HyveUp – Trip Adler – Scribd

HyveUp - interview with Trip Adler, founder of Scribd.

Up until now, I didn’t quite know what to do with my old .doc and .pdf documents. They are high school or college papers, corporate documentation, or simply free written artistic work. I would just let it sit there and not delete it, thinking that it could always come in handy.

That’s where Scribd steps in. Yesterday, I met and interviewed Trip Adler, one of the founders and the CEO of Scribd. The atmosphere in Scribd’s San Francisco downtown offices is very laid back; it is a company composed of young minds conveniently sitting on top of a potential multi-million dollars market. Scribd is a Youtube for documents. Same as when you download a video on Youtube for the whole world to see it, you download your documents on Scribd. Scribd has developed the iPaper, a new enhanced and lighter version of the old Adobe’s Flashpaper. The iPaper lets you view all types of document – doc, ppt, xl, pdf… – in real time, through a flash widget (just like videos on Youtube).

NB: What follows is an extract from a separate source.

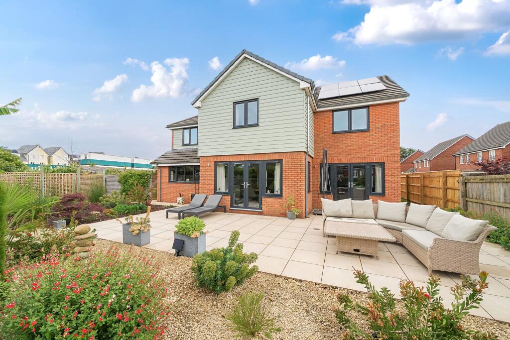 Stunning four-bed detached home in a quiet private development near Topsham. Features a luxury open-plan kitchen/family room, two en-suites, double garage, parking for four cars, and a landscaped south-facing garden with pond, allotment, and solar panels. Easy access to city, A38 & M5

Things got a little bigger last week when Scribd released APIs so that publishers can hook their system to the Scribd platform to share selected documents. Since it is converted to Flash, Scribd went a step further and now lets publishers insert Google Ads inside the documents to monetize the content they share. It is the first company to ever insert ads in desktop-type documents.

With a player that makes it easy to view documents, APIs that make it easy to share documents, and a monetization system that makes document-sharing a profitable activity, Scribd has great chances to become one of the icons of the Web 2.0 sharing revolution.